Even though the number of disputes may be on the rise in the economic downturn as people clash with their landlords, creditors and others, Judge George perceives a reluctance to go to court because of the expense.

“People aren’t going to court as much anyway because they can’t afford counsel,” he said. “But those that are proceeding are more likely to represent themselves.”

The best evidence of the increase in self-representation could come from individual courthouses, where the shift is evident in growing lines at self-help centers like the one in Superior Court in San Francisco. Tracy Penny, who was filing for divorce, waited there on a bench in the hallway last week to get help with her paperwork.

“I didn’t think I would need” a lawyer, Ms. Penny said. But, “money was a factor.”

In Travis County, Tex., which includes Austin, the number of unrepresented people seeking help from lawyers on the courthouse staff jumped more than 10 percent in 2008. And in Superior Court in Atlanta, the number of people calling the court’s family law information center for help with their cases rose by nearly 1,500 in 2008, to 22,590.

Ms. Barros, who used to work at a call center before she was laid off in September, got some help from a San Francisco bar association program that offers advice on coping with debt collection. She did not try to hire a lawyer; too costly, she said, and not necessary.

This is her second legal tangle with the lender, Household Finance; last year the company sued her over a different $7,000 loan and she ignored the complaint. The lender won a default judgment against her and took more than $10,000 (with interest and fees) out of her bank account. When Household sued her again this summer — over the same loan, she thought — she paid more attention. She said she forgot that she had taken a second $7,000 loan around the same time she took the first one. She collected proof that the money had been taken from her account and filed a handwritten response with the court.

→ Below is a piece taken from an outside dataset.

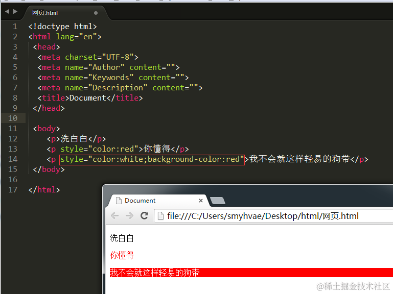 但是,如果在sublime中输入st或者style然后按tab键,可以自动生成的格式如下:(不建议)

Elizabeth A. MacDonald, Household’s lawyer, said that the company filed the second lawsuit because Ms. Barros had taken out another loan by signing a subsequent check she received from the lender in the mail. Ms. Barros did not think that the money from that second check was ever deposited in her bank account and so she did not owe Household anything. But she did not have paperwork to show that.

After the unsuccessful mediation effort, Ms. Barros returned to court this week and was at last prepared to concede that she had received a second check. But in the meantime, she also had at last consulted with a lawyer and concluded that she would file for bankruptcy.

Even people with much higher incomes than Ms. Barros’s are going it alone in court, according to courthouse staff.

James M. Mize, presiding judge in Superior Court in Sacramento, recalled receiving a request for a waiver of court fees from a man who earned $4,000 to $5,000 a month. “He’s caught in this subprime problem,” Judge Mize said of the man, who claimed to be a victim of mortgage-related fraud.

“He had a large mortgage that exploded” and took up 90 percent of his income, Judge Mize said. The judge granted the fee waiver. “He doesn’t have the money to pay the filing fee, let alone hire a lawyer.”

Courthouse workers also say that people are representing themselves in more complicated cases, involving divisions of complex assets, home foreclosures, houses worth less than a mortgage balance and combinations of these and other problems. Such cases in the past were more likely to involve a lawyer.

Overseeing a proceeding where one or both sides lack lawyers puts a judge in a difficult position: The judge is supposed to be neutral but also has an interest in moving things along.

“If you see a person making a terrible mistake, you can’t always jump in and save them,” said Judge Borbely, the circuit court judge in Vermilion County, Ill. “You cannot take the role of an advocate.”

To ensure fair outcomes, courts must do more to help people navigate the courts, said John T. Broderick, the chief justice of New Hampshire. “If you and I went to the hospital and they said, ‘Do you have insurance?’ and we don’t, and they said, ‘There are some textbooks over there with some really good illustrations,’ ” Judge Broderick said, “we would think that was immoral.”